» Exercise aim:
Write out, word for word and with no pictures, each line below from the one containing "女装 外贸中长款 宽松开衫 春秋新款 宽松休闲上衣外套18394 翻领风衣" through the one containing "Alexander Del Rossa", both included, and no other line.

» Recorded information:
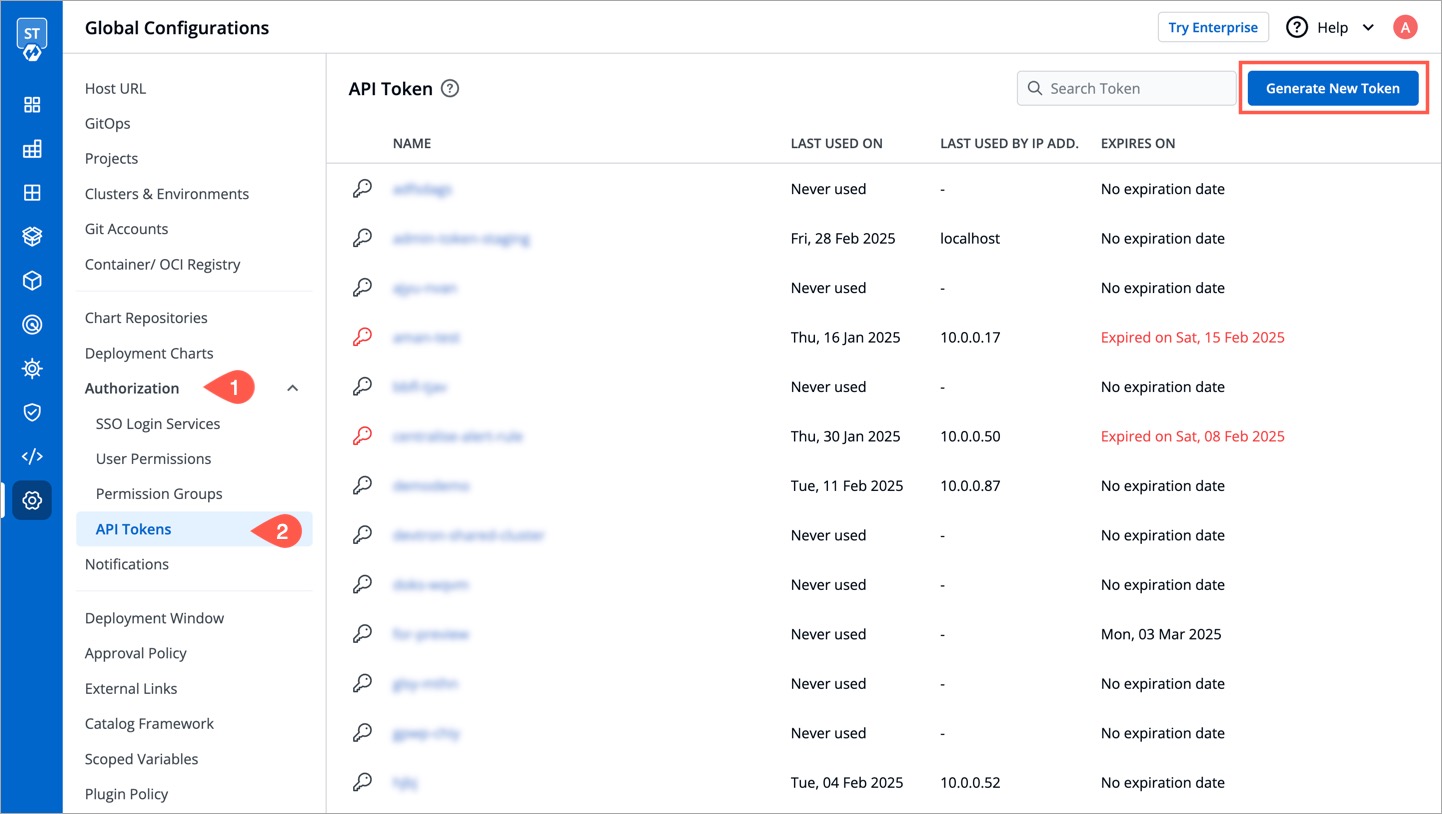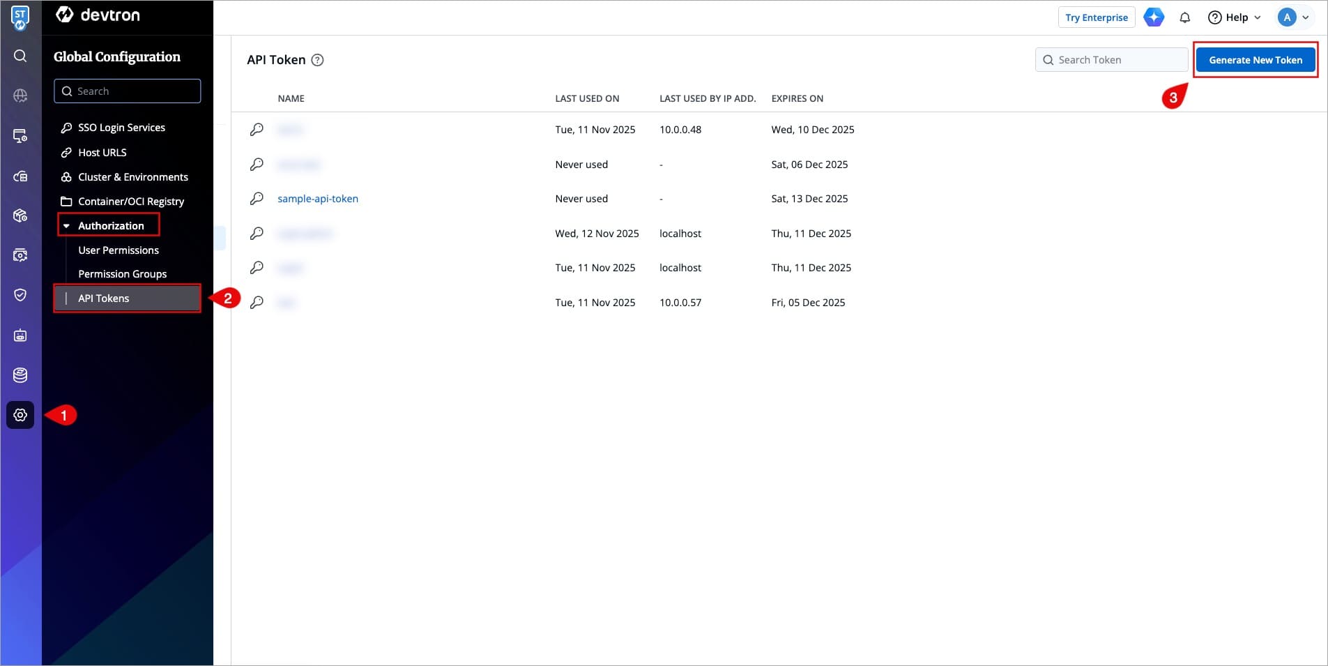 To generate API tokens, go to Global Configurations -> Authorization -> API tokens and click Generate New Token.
...
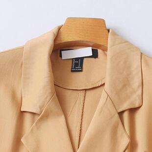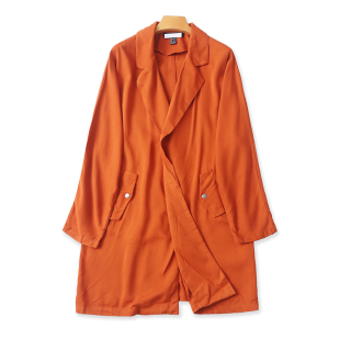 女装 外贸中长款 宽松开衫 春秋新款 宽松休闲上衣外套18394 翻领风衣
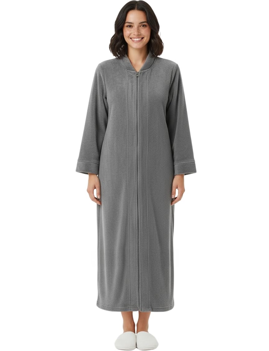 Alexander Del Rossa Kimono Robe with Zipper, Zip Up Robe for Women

» Answer section:
 女装 外贸中长款 宽松开衫 春秋新款 宽松休闲上衣外套18394 翻领风衣
 Alexander Del Rossa Kimono Robe with Zipper, Zip Up Robe for Women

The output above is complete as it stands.